I’m seeing something very similar among Christians. I’ve received a remarkable response as I’ve traveled speaking on the topic of my new book, Culture Making: Recovering Our Creative Calling. One of the themes of that book, as I shared at Q in 2007, is that in recent decades the dominant postures of evangelical Christians toward culture have been critique and consumption, not cultivation or creation. I’ve lost count of how many people have told me they have grown dissatisfied with just being critics or consumers of culture. We are eager to move beyond a passive, reactive posture toward the culture around us — we’ve realized it’s no good either for the church’s mission or for our own souls. Christians are not only leveling critiques at the excesses of consumerism, they are coming up with creative alternatives like the Advent Conspiracy, which redirects Christmas spending toward water projects around the world with the slogan “compassion, not consumption.”
In many ways this disenchantment with consumer culture, both in mainstream culture and among many Christians, is a welcome and encouraging development. Christians of all people, whose founding story begins with a call to creativity and cultivation, and whose understanding of sin begins with an act of disobedient consumption, have every reason to welcome our culture’s tentative turn away from the fleeting satisfactions of purchases.
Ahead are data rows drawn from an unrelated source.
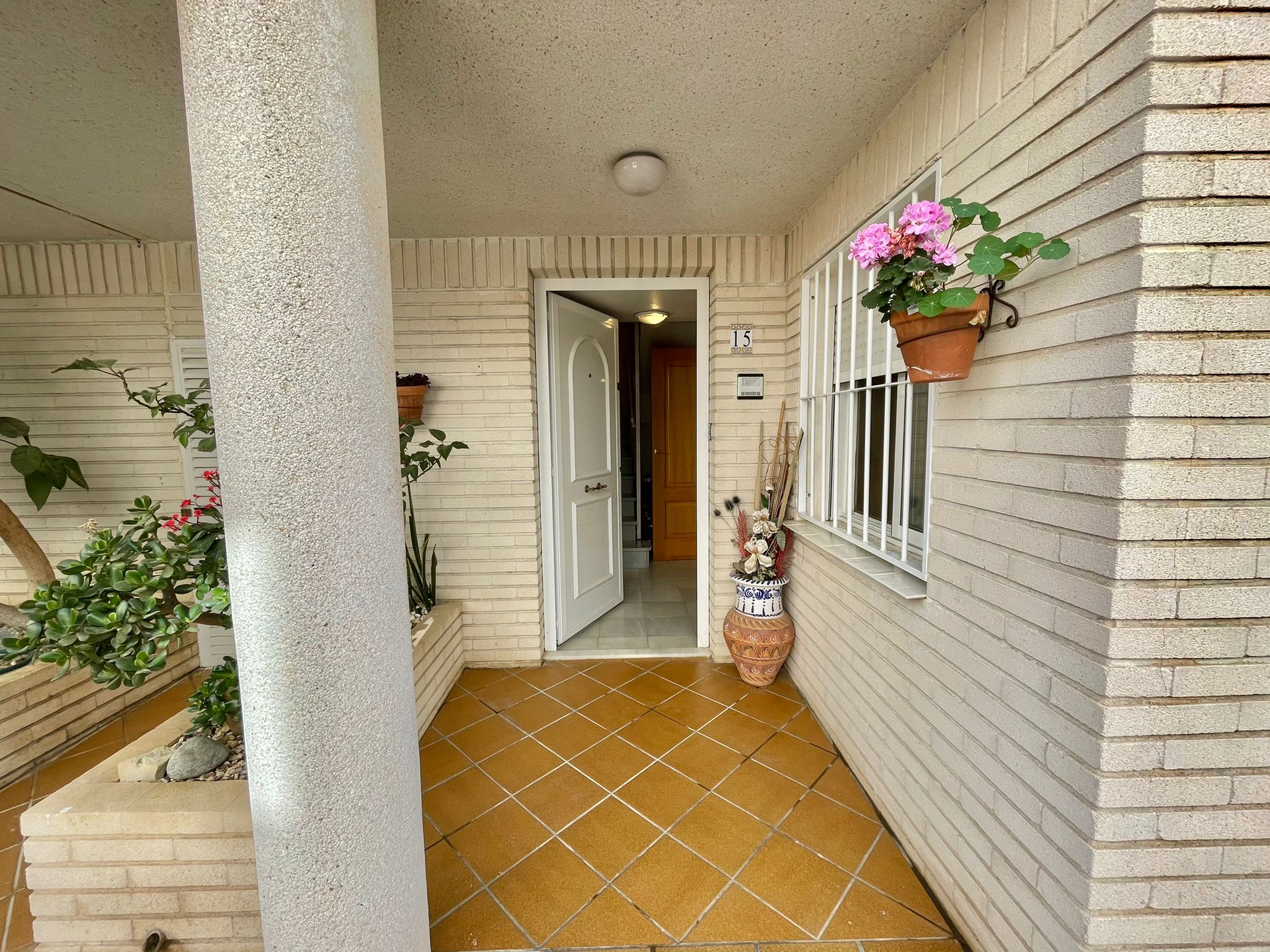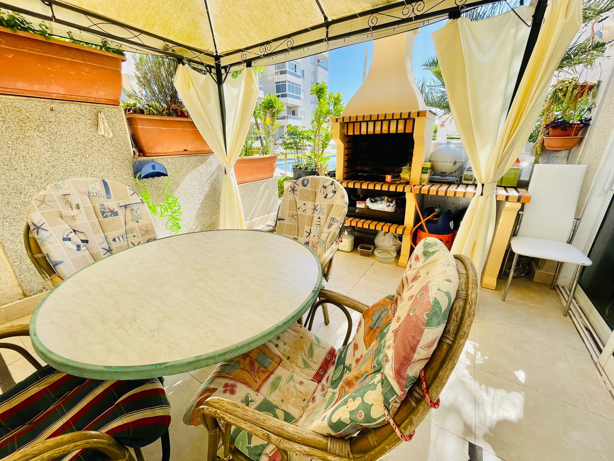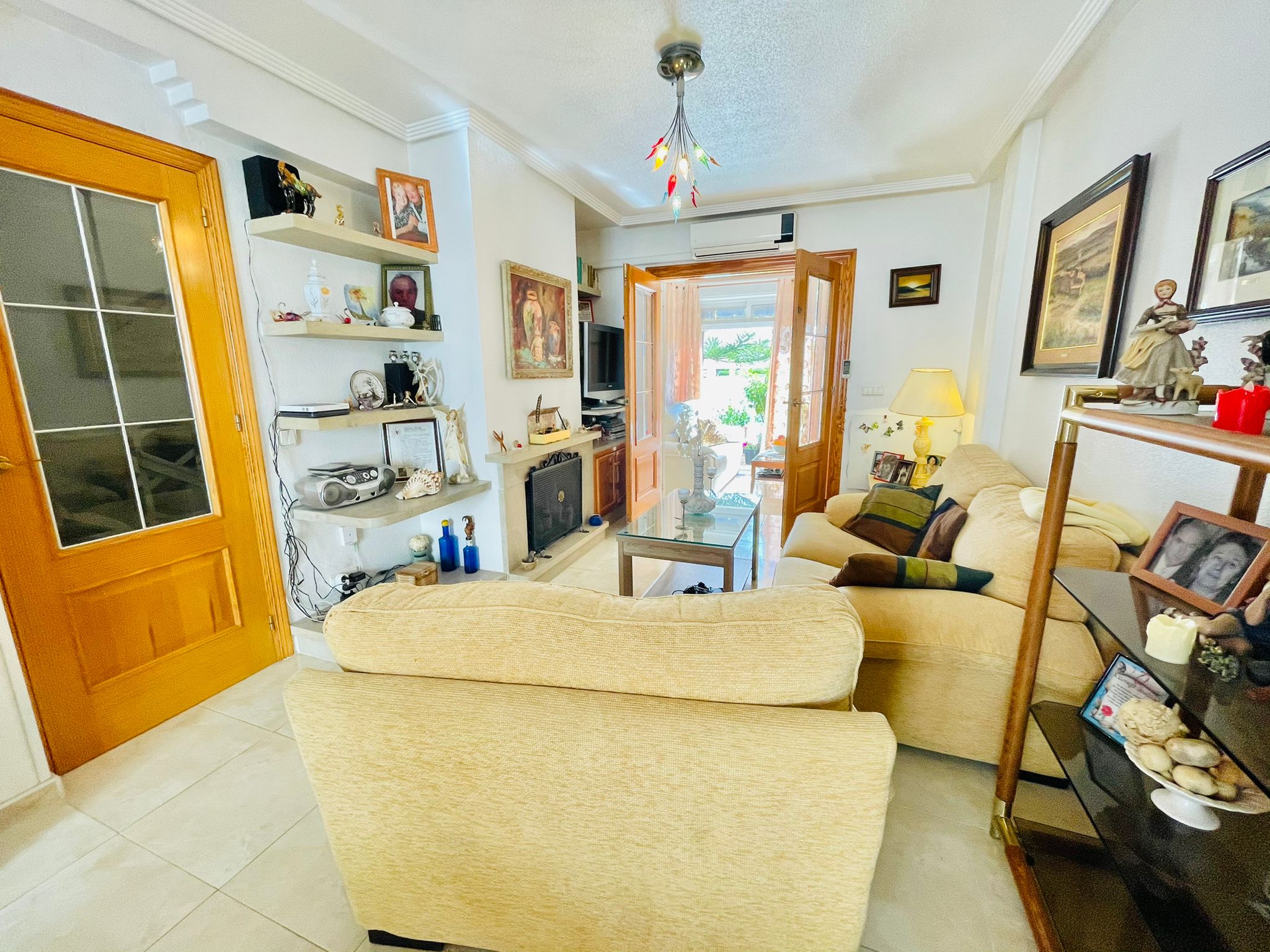 I første etasje har den en stue-spisestue med peis og aircondition, separat kjøkken, toalett og en innglasset veranda, den har også en flislagt uteplass på 30 m² med grill og tilgang til det felles bassengområdet.
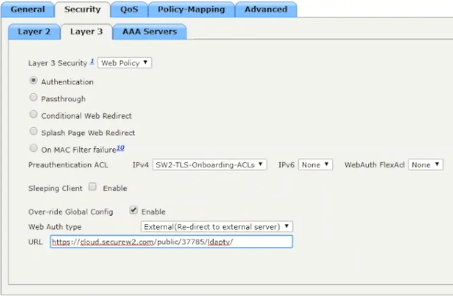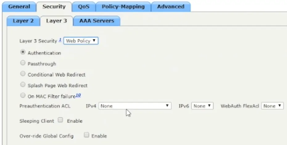 - Click the Layer 3 tab, and in the Layer 3 Security dropdown menu, select Web Policy.
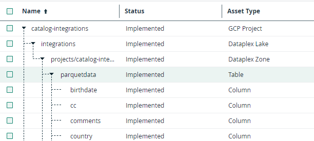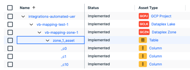 The integration will create the whole asset structure, representing Dataplex objects such as Project, Lake , Zone, Table, Column, and allows for filtering based on Lakes and Zones. |
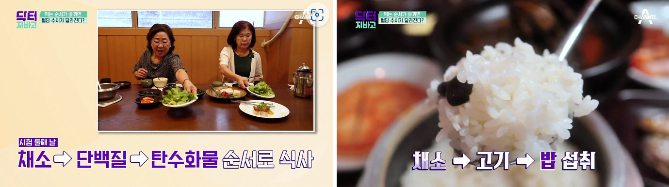 당뇨로 힘들게 식사하시는 분들이 많습니다. 계속 고혈당이 유지되는 분들보다 먹을때마다 혈당이 오르는 경우가 더 위험하다고 하는데요. 이런 경우는 식사시 똑같이 먹고 순서만 바꿔줘도 혈당이 오르는 것을 막아준다고 합니다.
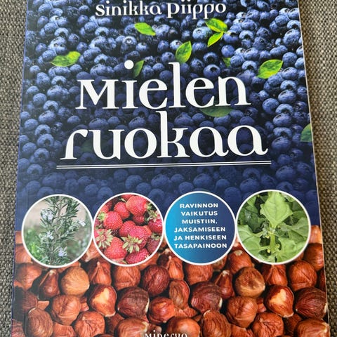 Sinikka Piippo Mielen ruokaa kirja, joka sisältää tietoa marjoista, mauista, siemenistä ja villiyrteistä. Kirjassa on kuvitettuja sivuja ja ohjeita luonnonantimien hyödyntämiseen ravinnossa.
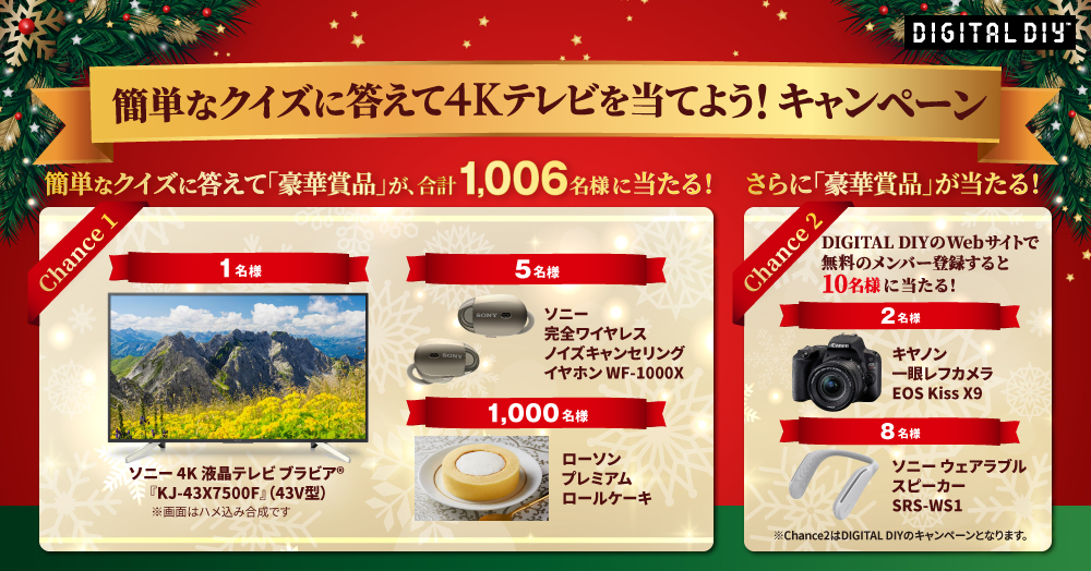 ソニー ブラビア 4K TVなど を抽選で1,006名様にプレゼントいたします。

I just wish I was sure that this trend is good news.
UNDISCIPLINED CREATIVITY
For here is the problem with our turn toward participation and a kind of creative involvement: it can easily replicate the pattern of purchases all over again, except this time the “purchased” good is our own creativity.
Consider one of the most prodigious examples of mass creativity since the rise of the Internet: the phenomenon of weblogs, those outposts of personal expression that captured so much attention and occupied so much of the time of pajama-clad netizens in the early years of the twenty-first century. One of the early pioneers in bringing blogs to the masses, especially the teenage masses, was the Web site LiveJournal, which made it easy for anyone to easily broadcast their latest musings to their friends and the general public. (LiveJournal may seem passé today, just as Facebook probably will by this time next year, but according to Alexa, LiveJournal’s worldwide traffic rank in June 2008 was still a very respectable 54.) In 2005 LiveJournal released some fascinating information about the blogs it hosted. Two hundred ninety thousand LiveJournal users had updated their blogs in the past 30 days (and as all bloggers know, if you haven’t updated your blog in 30 days, you don’t have a blog). That was 20 percent of LiveJournal’s total registered users — meaning that 1.16M LiveJournal users had effectively abandoned their blogs.
What did the satisfaction curve look like for those 1,116,000 people? Perhaps you are one of them. Do you recall the euphoria when your blog site first went live? The excitement of posting your thoughts about politics, the church, contemporary culture, the meaning of life — not to mention the most fascinating topic of all, blogging itself?
The second and third days were not quite as exciting, but of course you still had lots of pent-up creativity to express. Witty posts about your English class, updates on your plans for the weekend, a carefully crafted examination of the pros and cons of getting a new cell phone. Day four featured a photograph of your dog. Then there was the first week’s traffic report, where you discovered that all your creative output had been viewed by a grand total of 23 people, four of whom were your mom.